After 46 days of al-Bashir’s inauguration, the Shura Council granted confidence to 11 ministerial portfolios he presented, witnessing a change in only two ministries. The Ministry of Higher Education and Scientific Research was granted to Abdel-Mun’im Abdel-Hafez instead of Saeed Adel Mando, and the Ministry of Health to Dr. Mazen Dukhan instead of Hussain Bazzar, with Fadi al-Qasim becoming the Minister of Development succeeding the previous minister, Mohamed al-Bashir (the current head of the government).

Over the past years, the positions in the Salvation Government did not witness radical changes, whether at the level of ministers or the head of the government, as most faces continued to appear in the ministerial lineup.

The director of Public Relations in the Salvation Government, Jamal Shahoud, told Enab Baladi that there are criteria set by the laws that must be met by those nominated for ministerial portfolios, such as academic qualifications, age, among others, without specifying what exactly they are.

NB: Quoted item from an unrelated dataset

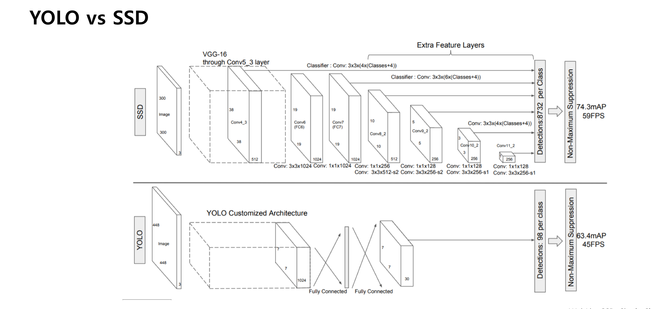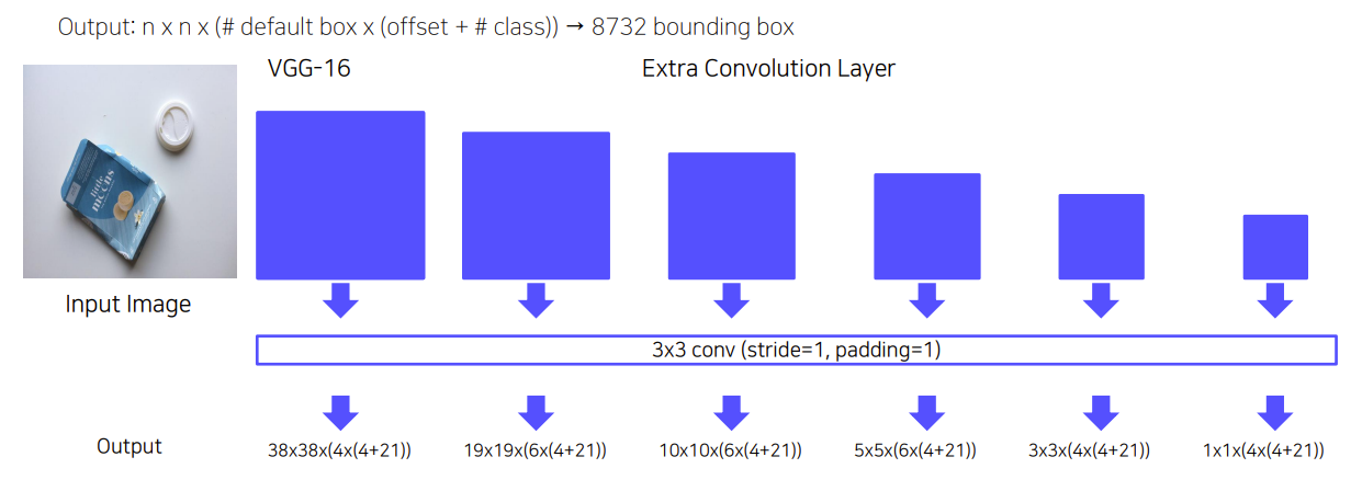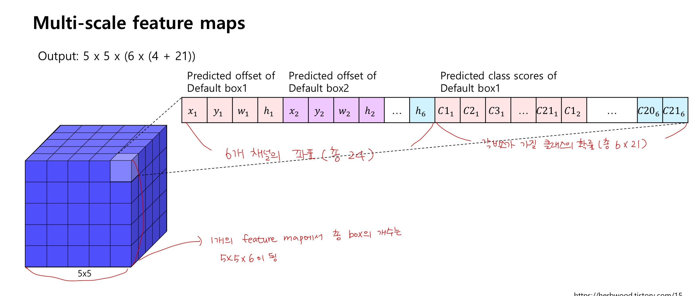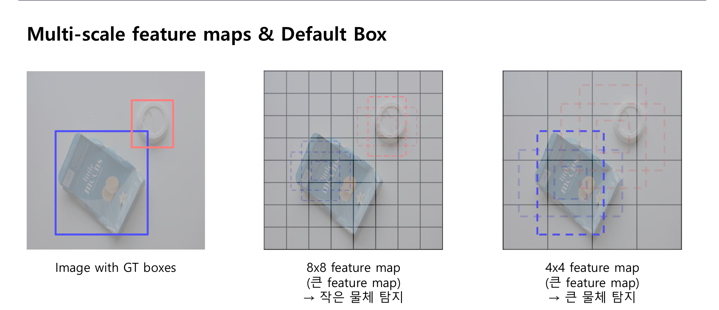 - Default box (anchor box) ์ฌ์ฉํด ์๋ก ๋ค๋ฅธ scale๊ณผ ๋น์จ์ ๊ฐ์ง ๋ฏธ๋ฆฌ ๊ณ์ฐ๋ box ์ฌ์ฉ

He added that the selection of any minister for a portfolio is done through consultative sessions with the Shura committees, community committees, elites, and syndicates concerned, noting that the nomination process from these committees is open, and interviews of the nominees are conducted by the commissioned head of government, who chooses whoever he deems the most competent and suitable to be presented to the General Shura Council for confidence.

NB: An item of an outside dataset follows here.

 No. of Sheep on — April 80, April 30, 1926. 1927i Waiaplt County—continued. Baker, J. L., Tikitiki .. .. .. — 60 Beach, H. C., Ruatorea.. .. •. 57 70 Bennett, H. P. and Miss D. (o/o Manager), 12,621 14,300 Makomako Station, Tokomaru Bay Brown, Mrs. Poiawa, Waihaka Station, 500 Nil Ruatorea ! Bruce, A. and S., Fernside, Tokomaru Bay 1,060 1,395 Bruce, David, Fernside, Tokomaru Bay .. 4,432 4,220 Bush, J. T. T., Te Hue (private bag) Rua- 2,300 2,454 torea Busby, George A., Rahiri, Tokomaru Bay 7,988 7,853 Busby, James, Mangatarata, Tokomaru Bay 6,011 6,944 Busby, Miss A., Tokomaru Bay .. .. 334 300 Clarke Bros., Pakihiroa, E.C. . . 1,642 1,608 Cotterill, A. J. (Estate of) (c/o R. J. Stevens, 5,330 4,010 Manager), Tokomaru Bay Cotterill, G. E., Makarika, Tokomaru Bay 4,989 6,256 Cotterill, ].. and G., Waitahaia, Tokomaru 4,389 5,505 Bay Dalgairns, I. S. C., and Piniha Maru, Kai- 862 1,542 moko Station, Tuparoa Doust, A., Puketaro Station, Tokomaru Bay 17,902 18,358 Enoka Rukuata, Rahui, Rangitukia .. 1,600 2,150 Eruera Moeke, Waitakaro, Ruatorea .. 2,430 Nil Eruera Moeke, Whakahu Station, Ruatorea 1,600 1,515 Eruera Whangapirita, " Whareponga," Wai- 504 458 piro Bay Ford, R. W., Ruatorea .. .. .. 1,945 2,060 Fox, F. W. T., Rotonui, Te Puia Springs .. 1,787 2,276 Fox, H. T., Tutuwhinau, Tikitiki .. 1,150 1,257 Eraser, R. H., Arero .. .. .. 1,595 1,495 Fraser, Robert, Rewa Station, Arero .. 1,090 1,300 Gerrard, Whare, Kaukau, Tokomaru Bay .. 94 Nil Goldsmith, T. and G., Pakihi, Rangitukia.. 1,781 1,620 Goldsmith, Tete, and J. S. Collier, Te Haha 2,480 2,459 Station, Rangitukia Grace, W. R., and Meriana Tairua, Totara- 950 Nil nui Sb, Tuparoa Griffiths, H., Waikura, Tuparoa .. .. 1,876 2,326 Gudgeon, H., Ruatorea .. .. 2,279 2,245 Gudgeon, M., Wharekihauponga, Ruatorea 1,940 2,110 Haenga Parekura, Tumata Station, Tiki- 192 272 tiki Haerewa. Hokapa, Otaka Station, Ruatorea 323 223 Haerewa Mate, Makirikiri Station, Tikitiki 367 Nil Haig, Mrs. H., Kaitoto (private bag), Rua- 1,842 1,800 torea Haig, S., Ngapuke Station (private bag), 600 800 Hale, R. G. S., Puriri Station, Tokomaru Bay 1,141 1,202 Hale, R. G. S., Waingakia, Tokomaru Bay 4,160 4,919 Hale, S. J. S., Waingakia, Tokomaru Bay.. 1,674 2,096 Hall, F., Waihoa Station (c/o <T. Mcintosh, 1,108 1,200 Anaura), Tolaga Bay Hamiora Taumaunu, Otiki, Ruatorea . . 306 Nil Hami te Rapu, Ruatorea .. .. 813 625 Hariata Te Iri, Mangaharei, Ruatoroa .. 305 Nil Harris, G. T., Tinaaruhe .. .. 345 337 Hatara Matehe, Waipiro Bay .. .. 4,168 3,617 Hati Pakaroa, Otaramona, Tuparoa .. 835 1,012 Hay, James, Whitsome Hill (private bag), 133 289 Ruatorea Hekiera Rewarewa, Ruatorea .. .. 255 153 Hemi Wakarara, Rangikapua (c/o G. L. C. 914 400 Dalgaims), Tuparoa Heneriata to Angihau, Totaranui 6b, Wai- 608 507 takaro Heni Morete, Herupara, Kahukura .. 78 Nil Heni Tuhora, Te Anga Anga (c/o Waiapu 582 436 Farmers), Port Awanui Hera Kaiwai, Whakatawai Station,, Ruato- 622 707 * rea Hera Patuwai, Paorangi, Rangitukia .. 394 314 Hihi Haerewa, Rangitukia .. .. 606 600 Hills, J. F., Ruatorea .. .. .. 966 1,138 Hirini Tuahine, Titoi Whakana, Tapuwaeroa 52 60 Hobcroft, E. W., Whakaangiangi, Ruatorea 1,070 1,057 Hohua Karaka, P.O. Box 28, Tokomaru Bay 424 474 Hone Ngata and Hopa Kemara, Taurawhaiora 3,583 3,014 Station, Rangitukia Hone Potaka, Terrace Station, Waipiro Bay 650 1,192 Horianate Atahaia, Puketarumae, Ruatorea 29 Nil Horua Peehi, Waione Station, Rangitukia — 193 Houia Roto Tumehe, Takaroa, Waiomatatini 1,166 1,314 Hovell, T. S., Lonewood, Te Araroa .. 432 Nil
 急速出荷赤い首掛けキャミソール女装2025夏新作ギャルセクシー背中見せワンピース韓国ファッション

On the other hand, the deputy head of the General Shura Council, Abdul Karim Barakat, stated that the council’s internal system specifies the government’s tenure to be only one year, which is a trial period; whoever proves their competence can gain confidence for a second and a third term.

Barakat added that the shortest governmental period in the world is four years, “but we are in exceptional circumstances, that’s why the term of the government was brief.”

In addition to the Salvation Government, there is the “Administration of the Liberated Areas,” which is considered a service entity parallel to or of a lesser degree than the Salvation Government. It administratively divides the controlled areas into eight administrations: Central, Northern, Sarmada, Harem, Jisr al-Shughour, Ariha, Atmeh, and Idlib.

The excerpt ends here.